Hello everybody, I have an webserver who is getting a small access spam and this is affecting my external database making it frozen all services who access this database. Have something I can do to make it less dangerous, a configuration on www/apache24 or something on the database to filter too many connection from this other server. If any other information needed just ask me.

PS.: I have a lack of knowledge on FreeBSD


----------



## SirDice (Oct 27, 2015)

Could you define "small access spam"? Normally the plethora of bots scanning systems shouldn't impact the database. Unless there's something really weird with your setup.

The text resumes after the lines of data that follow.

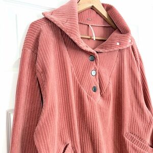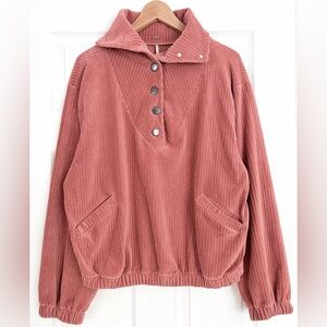 Free People Serena Corduroy Pullover in Size S. Soft pink corduroy pullover. Slouchy silhouette. Button closures on the placket. Elastic waistband. Hip pockets. Stock pic included to show fit. In excellent condition. Laying flat measurements: 23” PTP 22” shoulder to hem **Please review pics and listing carefully. If you have any questions I’m always happy to answer.** Please allow for slight variation in color. BIN 11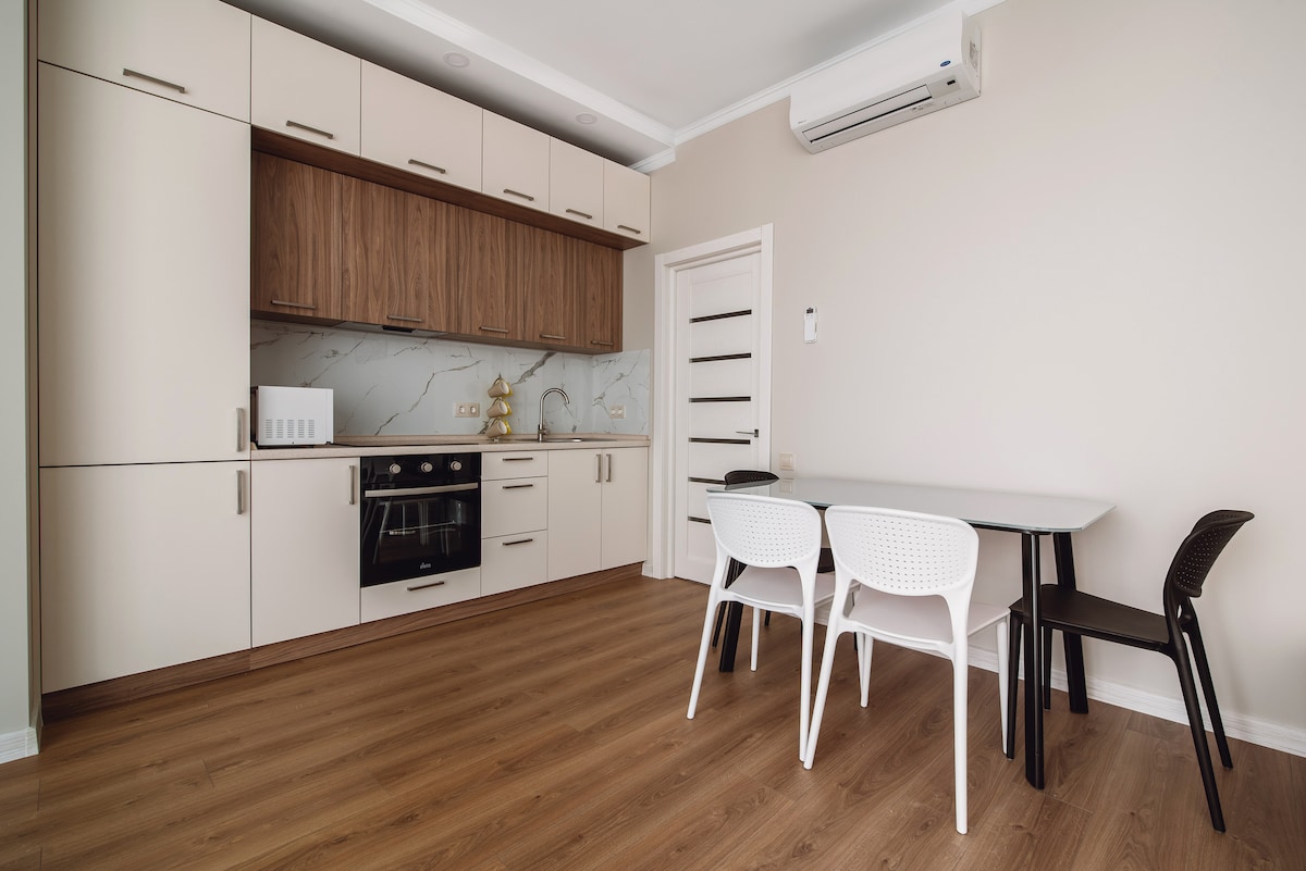 🏙️ Located on the 11st floor of a 25-story building. 🕓 Check-in anytime, 24 hours a day! No worries if you arrive late at night 🌙 ❗ All bedding is professionally cleaned in a dry cleaner! ❗ Indoor Shelter! (Undeground Parking) 💰 Included in the price: 🛏️ Comfortable Stripe Satin bed linen 🍽️ All dishes and kitchen utensils 🩴 Disposable slippers 🧼 Soap and shower gel 🌐 High-speed Wi-Fi internet ☕️ Espresso coffee machine + coffee 🍵 Tea assortment in sachets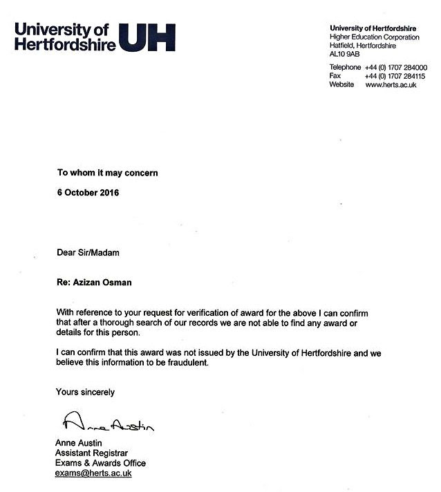 Akhirnya universiti berkenaan menafikan ada pelajar bernama Azizan Osman menerima ijazah berkenaan.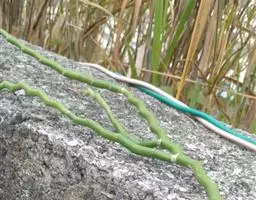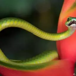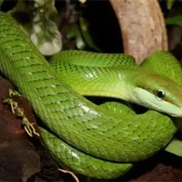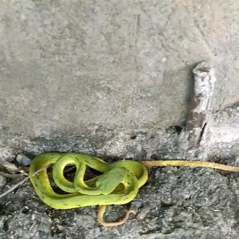 白唇竹叶青(学名:Cryptelytrops albolabris)头部呈三角形,颈细,形似烙铁。头顶具细鳞,吻侧有颊窝。上颌仅具白唇竹叶青管牙,有剧毒。体背鲜绿色,有不明显的黑横带;腹部黄白色。体最外侧自颈达尾部有一条白纹;上唇黄白色。鼻间鳞大;鼻鳞与颊窝间一般无鳞片。

The most obvious recommendation is to configure a firewall. On the webserver (to filter said spam) and on the database server (to prevent unauthorized access).


----------



## yagokurt (Oct 27, 2015)

Small access spam I mean he have a lot of bots accessing a page on my website who have around 3 mysql querys. And it was lagging my database and making my main server use 100% CPU. But a friend apply a fix for me on my code generating a cache and making it avoid to spam my database.


----------



## derwood (Oct 28, 2015)

I had this problem a long time ago too.  There's a couple of things you could do to mitigate the attack.

There is a mod_dnsbl plugin for Apache that will do the job.  You will have to set up a list of IP addresses.  You can probably pull that from the access logs.  Or you could set up your own DNS blacklist with BIND.  Either way you'll need the mod_dnsbl plugin. 

It's located here:   http://software.othello.ch/mod_dnsbl/ 

I don't believe it's in the ports collection, but it can still be compiled and installed alongside Apache.


----------